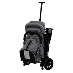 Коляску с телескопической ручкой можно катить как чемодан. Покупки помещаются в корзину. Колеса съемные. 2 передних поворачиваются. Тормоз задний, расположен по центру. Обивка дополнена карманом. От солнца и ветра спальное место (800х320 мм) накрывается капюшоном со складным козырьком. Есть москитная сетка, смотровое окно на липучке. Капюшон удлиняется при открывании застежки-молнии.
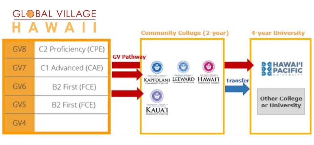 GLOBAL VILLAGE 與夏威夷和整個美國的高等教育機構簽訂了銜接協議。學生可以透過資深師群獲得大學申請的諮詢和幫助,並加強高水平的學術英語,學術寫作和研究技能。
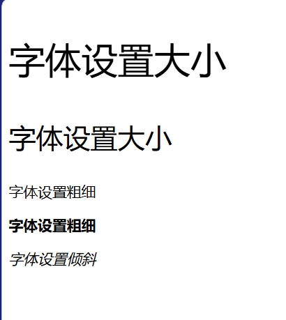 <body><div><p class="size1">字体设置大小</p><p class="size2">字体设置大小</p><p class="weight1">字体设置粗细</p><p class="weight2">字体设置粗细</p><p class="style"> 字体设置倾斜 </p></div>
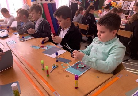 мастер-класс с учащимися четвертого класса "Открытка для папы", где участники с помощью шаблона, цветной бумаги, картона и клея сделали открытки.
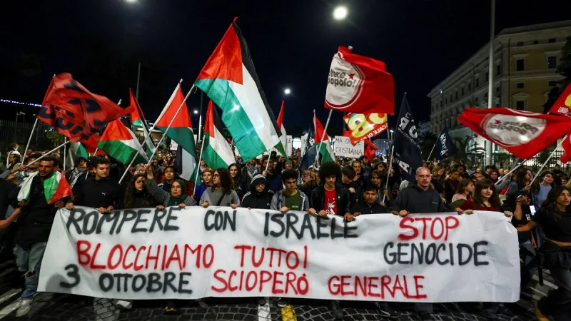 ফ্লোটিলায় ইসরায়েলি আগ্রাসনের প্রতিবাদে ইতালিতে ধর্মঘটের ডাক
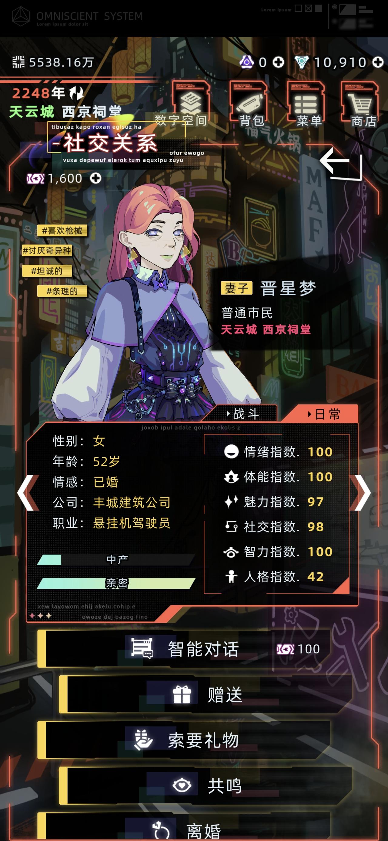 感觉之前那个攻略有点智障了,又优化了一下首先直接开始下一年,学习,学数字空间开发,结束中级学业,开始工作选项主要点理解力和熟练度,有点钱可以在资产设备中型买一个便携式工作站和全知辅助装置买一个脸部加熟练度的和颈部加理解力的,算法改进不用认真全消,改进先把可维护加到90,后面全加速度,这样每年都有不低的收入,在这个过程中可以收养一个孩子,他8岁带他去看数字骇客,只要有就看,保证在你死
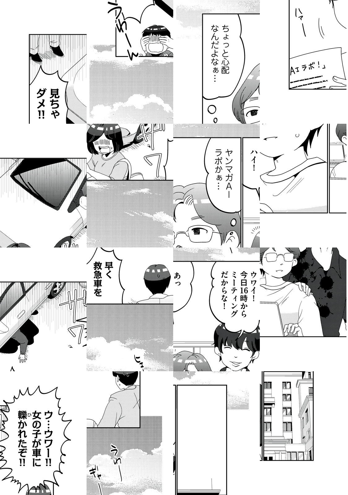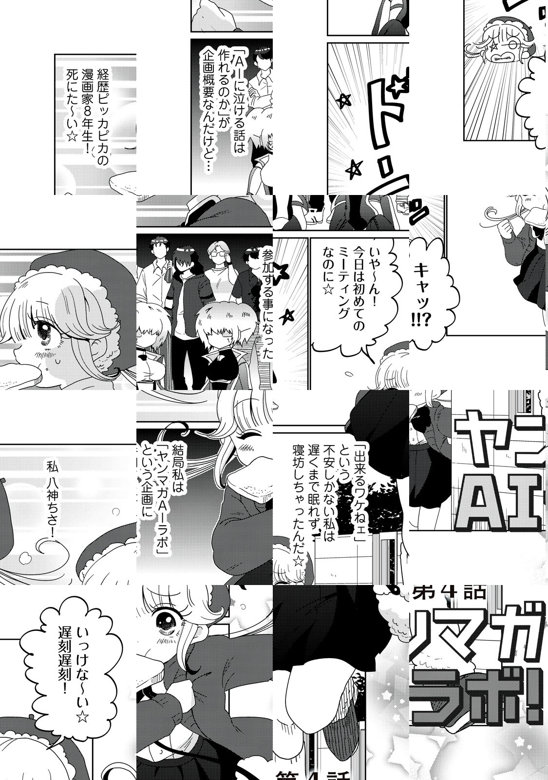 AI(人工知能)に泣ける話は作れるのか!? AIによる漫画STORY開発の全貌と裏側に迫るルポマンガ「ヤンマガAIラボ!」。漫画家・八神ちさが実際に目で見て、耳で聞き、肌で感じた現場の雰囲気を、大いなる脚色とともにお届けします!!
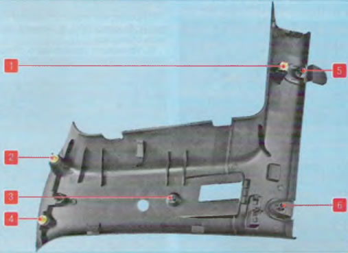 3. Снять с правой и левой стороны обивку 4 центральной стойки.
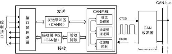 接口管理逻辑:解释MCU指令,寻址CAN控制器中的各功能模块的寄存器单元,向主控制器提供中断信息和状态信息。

◆ ◆ ◆ ◆ ◆ ◆ ◆

▸ **What you have to do**
Word for word, return the records shown above without their pictures.

▸ **Result of this exercise**
 Коляску с телескопической ручкой можно катить как чемодан. Покупки помещаются в корзину. Колеса съемные. 2 передних поворачиваются. Тормоз задний, расположен по центру. Обивка дополнена карманом. От солнца и ветра спальное место (800х320 мм) накрывается капюшоном со складным козырьком. Есть москитная сетка, смотровое окно на липучке. Капюшон удлиняется при открывании застежки-молнии.
 GLOBAL VILLAGE 與夏威夷和整個美國的高等教育機構簽訂了銜接協議。學生可以透過資深師群獲得大學申請的諮詢和幫助,並加強高水平的學術英語,學術寫作和研究技能。
 <body><div><p class="size1">字体设置大小</p><p class="size2">字体设置大小</p><p class="weight1">字体设置粗细</p><p class="weight2">字体设置粗细</p><p class="style"> 字体设置倾斜 </p></div>
 мастер-класс с учащимися четвертого класса "Открытка для папы", где участники с помощью шаблона, цветной бумаги, картона и клея сделали открытки.
 ফ্লোটিলায় ইসরায়েলি আগ্রাসনের প্রতিবাদে ইতালিতে ধর্মঘটের ডাক
 感觉之前那个攻略有点智障了,又优化了一下首先直接开始下一年,学习,学数字空间开发,结束中级学业,开始工作选项主要点理解力和熟练度,有点钱可以在资产设备中型买一个便携式工作站和全知辅助装置买一个脸部加熟练度的和颈部加理解力的,算法改进不用认真全消,改进先把可维护加到90,后面全加速度,这样每年都有不低的收入,在这个过程中可以收养一个孩子,他8岁带他去看数字骇客,只要有就看,保证在你死
 AI(人工知能)に泣ける話は作れるのか!? AIによる漫画STORY開発の全貌と裏側に迫るルポマンガ「ヤンマガAIラボ!」。漫画家・八神ちさが実際に目で見て、耳で聞き、肌で感じた現場の雰囲気を、大いなる脚色とともにお届けします!!
 3. Снять с правой и левой стороны обивку 4 центральной стойки.
 接口管理逻辑:解释MCU指令,寻址CAN控制器中的各功能模块的寄存器单元,向主控制器提供中断信息和状态信息。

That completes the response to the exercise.